Goethe argues that morphology establishes a new vantage point from which form may be considered: the vantage point of change, transformation, and development. For plants, one aspect of transformation is division—something I had misconstrued as divisiveness. Division I now realised could be a positive attribute. It signified becoming other to oneself, refusing to be self-contained. It meant becoming aware of the fugitive vitality of plants that differs fundamentally from a life which only acknowledges an animal template. It meant accepting my wild origin and setting out to write with an understanding that this was an intrinsic force, an inventiveness propelled by non-conscious intentionality. Michael Marder describes this as a kind of thinking before thinking that operates independently from both instinctual adaptation and formal intelligence.

My experience has led me to believe there is a conscious level to writing the vegetal. It comes into being when a situation in life allows for the fascination with other forms of life to enchant rather than threaten, when the sweetness of the other offsets the inevitability of decay. It promises a rapture that is fused with patient commitment to the unknowability and specific materiality of otherness.

There is also an unconscious level that requires attending to the wordless element inside myself. It consists of working on an idea without knowing exactly what it is that I think. It is engaging with what Christopher Bollas calls the “unthought known” or “thinking an idea struggling to have me think it” [15]. It consists of a symbiotic relating in which the vegetative soul functions as a signifier of transformation. This is not a quest for possession but an identification with a medium that alters the conscious self. However, transformation does not mean gratification. Transformation may frustrate in the sense of initiating the need to readjust one’s style of living and writing.

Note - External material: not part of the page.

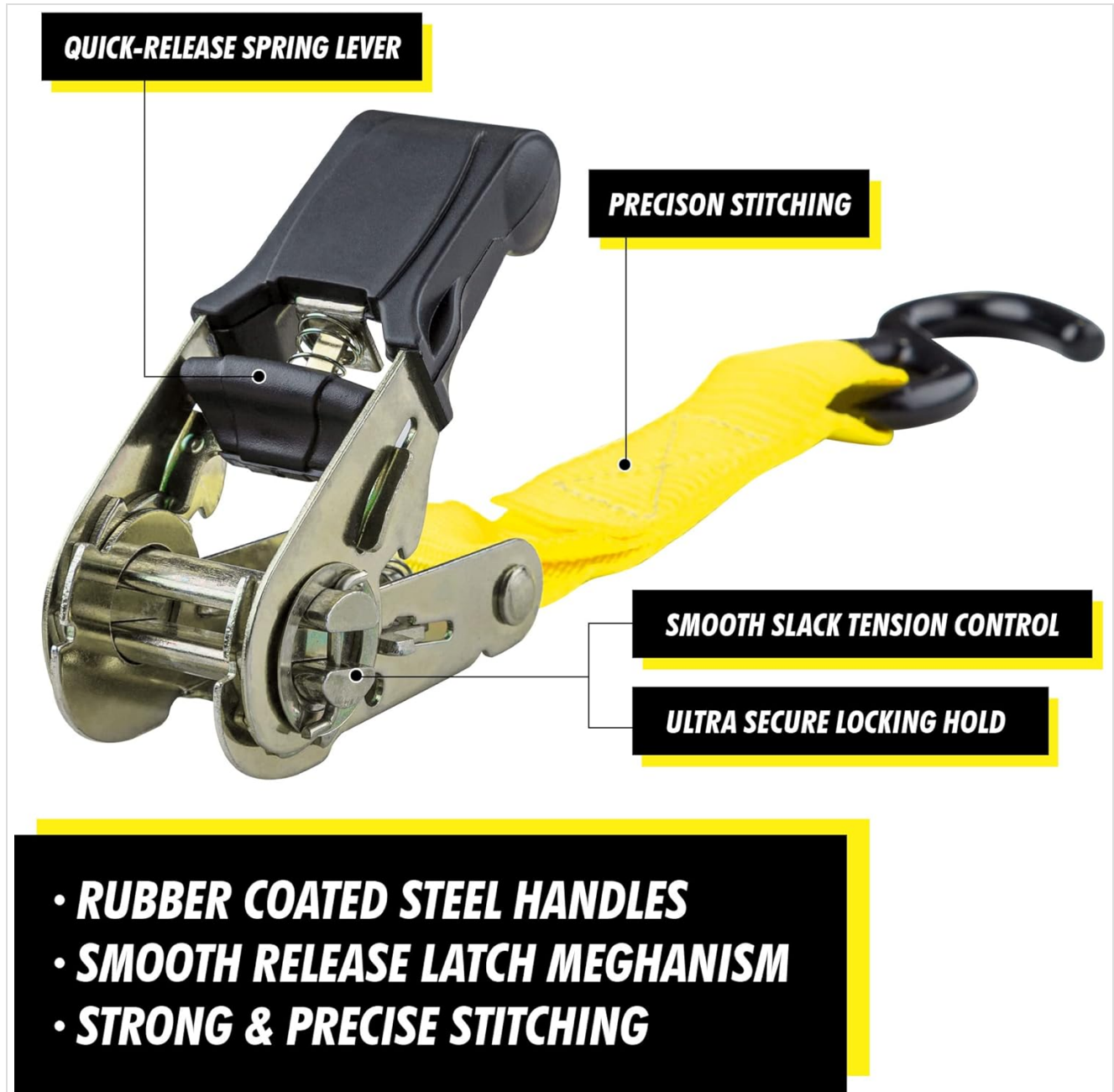
Figure 4: Detailed view of the ratchet mechanism.

Before securing your cargo, ensure the ratchet mechanism is in the open position. Pull the quick-release lever and open the ratchet handle fully until it lies flat.

Likewise, moments of transformation may not always be beautiful or wonderful—some may be frightening but nevertheless profoundly moving.

The transition from deep, enigmatic privacy to the culture of literature involves finding the word to speak the self; wording transforms the mutual atmosphere and enables words to be put in particular sequences that start the process of literary metamorphosis. Choosing specific words from among the welter of possible terms becomes part of thinking along with phenomena. For Thoreau it meant writing in which “the earth is not a mere fragment of dead history, stratum upon stratum, like the leaves of a book, to be studied by geologists and antiquarians chiefly, but living poetry like the leaves of a tree, which precede flowers and fruit, not a fossil earth but a living earth” [16].

Conflict of Interest

The author declares no conflict of interest.